SPDX-License-Identifier: Apache-2.0

# Fleet Maintenance H2O: Build and Import Trained Models into SAS Model Manager

This notebook provides an example of how to build and train a Python model and then import the model into SAS Model Manager using the fleet maintenance data set. Lines of code that must be modified by the user, such as directory paths are noted with the comment "_Changes required by user._".

_**Note:** If you download only this notebook and not the rest of the repository, you must also download the fleet maintenance CSV from the data folder in the examples directory.

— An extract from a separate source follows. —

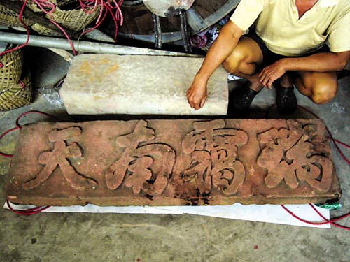 从此,隔三岔五地,袁伟坚睡到半夜时,必定要起来去到隔海庙,看看古匾是否还在。妻子很是不解,几番追问,袁伟坚才道出了事情的原委。妻子用行动支持了他的做法,时不时还提醒他到隔海庙去。

These files are used when executing this notebook example._

Here are the steps shown in this notebook:

1. Import and review data and preprocess for model training.
2. Build, train, and access an H2O generalized linear model.
3. Save the model as a MOJO file.
4. Write the metadata JSON files needed for importing into SAS Model Manager.
4. Write a score code Python file for model scoring.
5. Zip the MOJO, JSON, and score code files into an archive file.
6. Import the ZIP archive file to SAS Model Manager via the Session object and relevant function call.

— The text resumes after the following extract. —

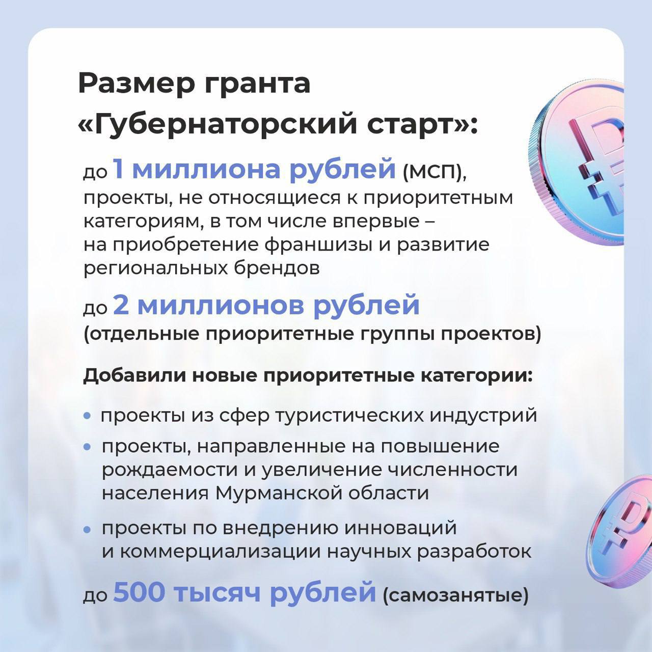 В 2026 году впервые можно использовать грант на покупку франшизы и оплату услуг для инновационных проектов. Еще одним новшеством стало расширение списка приоритетных направлений: на грант до 2 миллионов рублей могут претендовать проекты туристической направленности и инициативы по повышению рождаемости, а на сумму до 1 млн рублей — региональные бренды.

### Python Package Imports

In [1]:
# Dataframes for data manipulations
import pandas as pd
pd.options.mode.chained_assignment = None  # default='warn'
# Mathematical calculations and array handling
import numpy as np
# File handling and reading
import json
import gzip
import zipfile
import io

# H2O models
import h2o
from h2o.estimators.glm import H2OGeneralizedLinearEstimator

# Embedded plotting
import matplotlib.pyplot as plt 
plt.rc("font", size=14)

# Pathing support
from pathlib import Path

In [2]:
# sasctl interface for importing models
import sasctl.pzmm as pzmm
from sasctl import Session
from sasctl.services import model_repository as modelRepo

In [3]:
# Use 2 CPU cores & 4 GB of RAM locally
h2o.init(nthreads=2, max_mem_size=4)

Checking whether there is an H2O instance running at http://localhost:54321 . connected.


0,1
H2O_cluster_uptime:,3 hours 17 mins
H2O_cluster_timezone:,America/New_York
H2O_data_parsing_timezone:,UTC
H2O_cluster_version:,3.32.0.2
H2O_cluster_version_age:,3 months and 4 days
H2O_cluster_name:,H2O_from_python_sclind_5uqkz7
H2O_cluster_total_nodes:,1
H2O_cluster_free_memory:,3.999 Gb
H2O_cluster_total_cores:,16
H2O_cluster_allowed_cores:,2


### Import Data Set

In [4]:
fleetData = h2o.import_file('data/fleet_maintenance.csv')
fleetData.head(rows=3)

Parse progress: |█████████████████████████████████████████████████████████| 100%


Maintenance_flag,Speed_sensor,Vibration,Engine_Load,Coolant_Temp,Intake_Pressure,Engine_RPM,Speed_OBD,Intake_Air,Flow_Rate,Throttle_Pos,Voltage,Ambient,Accel,Engine_Oil_Temp,Speed_GPS,GPS_Longitude,GPS_Latitude,GPS_Bearing,GPS_Altitude,Turbo_Boost,Trip_Distance,Litres_Per_km,Accel_Ssor_Total,CO2,Trip_Time,CO_emission,HC_emission,PM_emission,NOx_emission,CO2_emission,Fuel_level,Oil_life,Vibration_alert,VibrationAlert_Total,Vibration_Recent,Turbo_alert,Emission_alert,Fog_control,Engine_control
0,35,249.189,21.5686,88,116,1115.5,35,10,18.33,80,14.1,7,27.8431,85,36.216,9.1417,48.9328,75.2,164,2.75572,310.262,2.3515,0.045858,62.1972,11539,0,0,0,0,0,0,0,1,123,12,1,1,1,1
0,142,243.237,20.3922,88,135,1782.5,142,16,35.41,80,14.1,8,34.5098,85,148.968,9.88538,48.4948,274.4,436,5.51143,161.025,1.24465,0.043655,32.9209,4242,0,0,0,0,0,0,0,1,123,12,1,1,1,1
0,128,244.015,43.5294,81,109,1588.0,128,9,27.08,80,14.2,8,14.902,79,132.408,9.64806,48.4796,257.1,508,1.74045,158.238,2.1241,0.073833,56.1824,4146,0,0,0,0,0,0,0,1,123,12,1,1,1,1




### Preprocess Data

In [5]:
fleetData['Maintenance_flag'] = fleetData['Maintenance_flag'].asfactor()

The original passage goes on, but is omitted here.